Mimalloc: The Trade-off That Changes Shape
Mimalloc came out of Microsoft Research in 2019 with a paper describing its core innovation: free list sharding. Each thread maintains a local free list per page that only it touches, plus a generic free list for cross-thread frees. This structure eliminates most lock contention on the hot path.
[dependencies]
mimalloc = "0.1"
use mimalloc::MiMalloc;
#[global_allocator]
static GLOBAL: MiMalloc = MiMalloc;
Mimalloc’s RSS behavior is the best of the three for operators who care about memory returning to the OS quickly. It uses madvise(MADV_FREE) aggressively, so RSS drops after indexing spikes faster than with jemalloc’s decay-based approach. For Meilisearch’s workload, mimalloc reached the lowest settled RSS of any allocator tested.

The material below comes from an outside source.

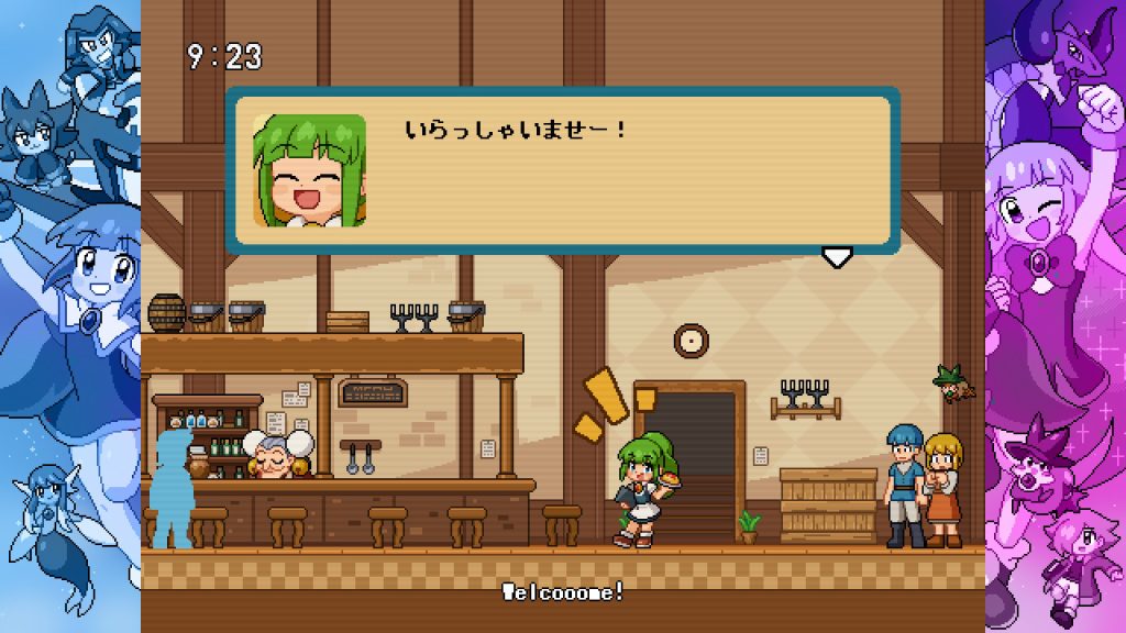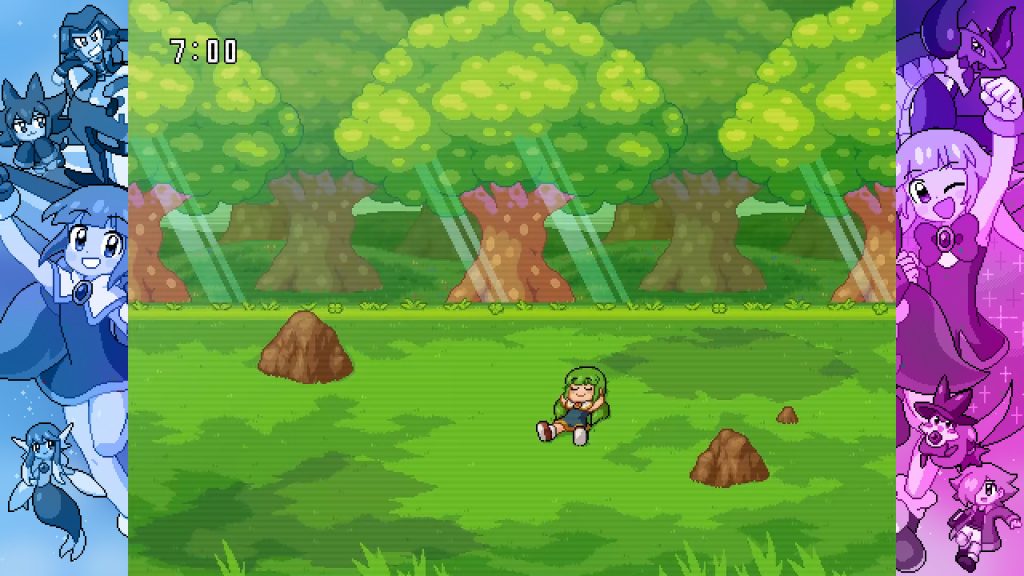 Uma das primeiras coisas que chamou minha atenção no jogo foi seu estilo visual. Visualmente, tudo no game tenta ser um anime infantil, com cores vibrantes, cenários variados e bem bonitos, personagens fofinhas e designs de monstros bem malucos. A pixel art e animações 2D me lembram jogos de navegador dos anos 2000 e esse é um estilo visual que me agrada muito, além de me trazer um senso de nostalgia no mínimo estranho.

The failure mode here is latency, not memory. Mimalloc’s “delayed free” mechanism processes cross-thread deallocations on the owning thread’s next allocation, which introduces non-determinism into deallocation timing. In Meilisearch’s search path, this showed up as p99 latency spikes that did not appear under steady load but emerged under mixed indexing-and-search workloads. The median latency was comparable to jemalloc; the tail was not.
Mimalloc is also lighter on introspection. Where jemalloc exposes a rich mallctl interface for production monitoring, mimalloc offers basic statistics through its extended API. If you are debugging a production memory issue, that matters.
What the Three Cases Have in Common
Each allocator surfaces a different dimension of the same underlying problem: the gap between what the application thinks it is using and what the OS observes. Jemalloc’s arena retention is visible in RSS but not in allocated bytes. Bumpalo’s scope bug is visible in allocated bytes but only if you profile at the right granularity. Mimalloc’s delayed free is visible in latency histograms, not memory graphs at all.
The practical lesson from Meilisearch’s investigation is that allocator selection should be paired with a monitoring strategy tuned to that allocator’s failure modes. Switching allocators without also changing how you observe memory will leave some failure modes invisible.
Meilisearch settled on jemalloc as the default global allocator for Linux, bumpalo retained for short-lived hot paths with enforced lifetime discipline, and mimalloc recommended for Windows builds and deployments where fast OS page return outweighs tail latency concerns. That is not a single answer; it is a taxonomy of the problem.
The mimalloc-bench suite from Microsoft shows mimalloc ahead of jemalloc by 5-15% on multi-threaded allocation benchmarks. In practice, for a mixed workload like Meilisearch’s, that gap is secondary to fragmentation characteristics and observability. The allocator you can reason about in production is often worth more than the one that wins in a benchmark.